Methods : The XyCAM ID was mounted on a slit lamp base and used to acquire speckle images from the right eye of two healthy individuals (authors MJB, YL) through self-experimentation. Imaging was performed twice, five days apart. On each day, images were acquired through a dilated pupil when the subject was rested (baseline), and after the subject had performed vigorous exercise as confirmed by elevation of the heart rate to 120 ± 10 beats/minute. Each imaging session comprised of serial acquisition of speckle images at a frame rate of 120 Hz for a period of 5 seconds, of a region of interest (ROI) centered on the optic disc illuminated with red laser. A plethysmogram was simultaneously recorded for reference. The acquired speckle images were processed in sliding batches of 11 frames each to obtain maps of retinal BFV. BFV values were averaged over all pixels in the ROI, and within pixels comprised in the central half-diameter of six manually identified vessel segments in each imaged eye, for assessment of temporal characteristics.

Results : Fig. 1 shows an exemplary sequence of BFV maps and temporal trend in BFV fluctuations obtained from a human retina.

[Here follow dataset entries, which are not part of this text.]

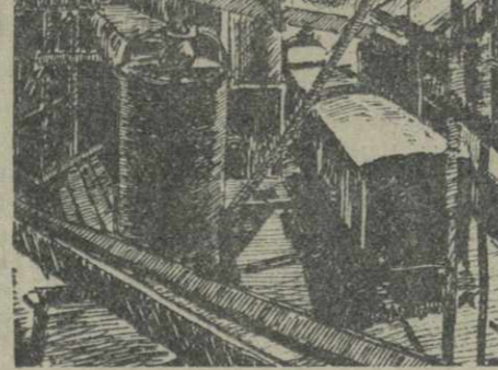
Трест «Ткибулуголь». На одном из производственных участков. Рис. студента Академии художеств Грузии А. Саркисова.

За два последних сезона театр поставил немало классических и современных пьес — грузинских и переводных, создав ряд художественно-полноценных спектаклей.
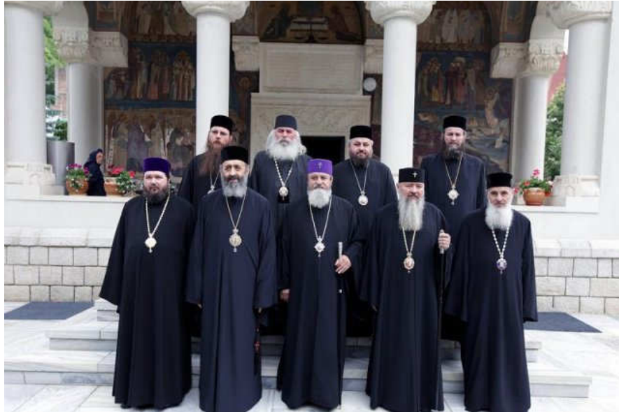
Membrii Sinodului mitropolitan al Ardealului și al Clujului, Albei, Crișanei și Maramureșului
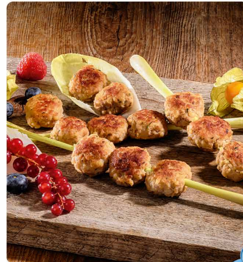
Mini-Party-Geflügelfrikadelle, ca. 15 g, ohne Fett gebraten, I.Q.F., tiefgefroren

Mini-Partyfrikadelle aus Geflügelfleisch von mittelfeiner Körnung, vereinzelt Zwiebelstücke, Kräuter und Gewürze erkennbar, ohne Fett gebraten, I.Q.F., im Schlauchbeutel verpackt
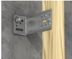
Bevestiging van de houten kepers
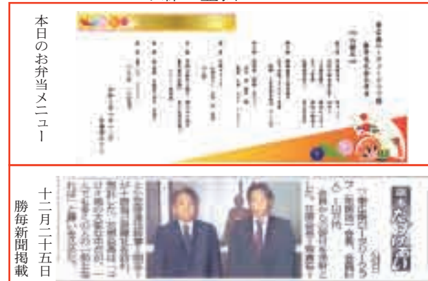
本日のお弁当メニュー 十二月二十五日 勝毎新聞掲載
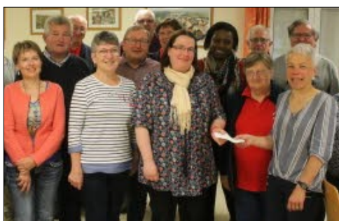
AG de l'Amicale des Donneurs de sang de Riedwihr/Jebnheim
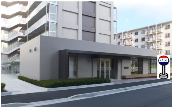
⑤新桜の宮住宅第1集会所前 集会所前でお待ち下さい。
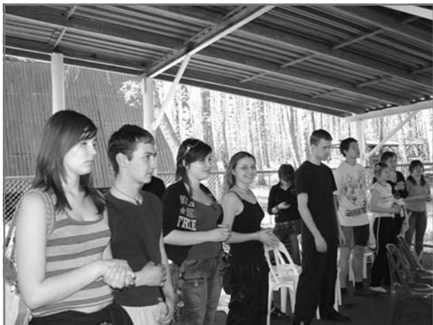
Христианская молодежь Ульяновска

ка. День начался с прославления Бога и проповеди о жертве хвалы за все то, чем Господь нас обильно благословляет. На протяжении всего дня устраивались соревнования по волейболу, футболу и другим играм. Участники мероприятия совершили прогулку на пруд, где некоторым посчастливилось прокатиться на плоту.
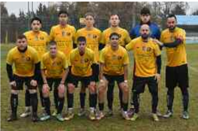
Τ οξότης και Αχιλλέας Φαρσάλων αναμετρήθηκαν στο γήπεδο «Κουκουλίτσιος - Μουσιάρης» και ο γηπεδούχος Τοξότης επικράτησε με σκορ 4-0. Έτσι ο Αχιλλέας παρέμεινε

The high spatio-temporal resolution permits probing of individual vessels (Figs. 2A-C) which exhibit pulsatility with a similar frequency as other vessels in the retina, but dissimilar amplitudes. The frequency of pulsations in the XyCAM based flow measurements varied commensurately with heart rate. In both pre- and post-exercise conditions, the correlation between measured retinal BFV and associated plethysmogram was high (Fig. 2D), but varied with image acquisition time (greater than 0.49 ± 0.17; p<0.001 for 4 second acquisition).

Conclusions : Preliminary results from our investigation validate the ability of the XyCAM ID to resolve regional and vascular blood flow fluctuations over multiple cardiac cycles with high fidelity. Further development is necessary to address relative inter-frame motion that can permit automated assessments over longer acquisition periods.

This is an abstract that was submitted for the 2017 ARVO Annual Meeting, held in Baltimore, MD, May 7-11, 2017.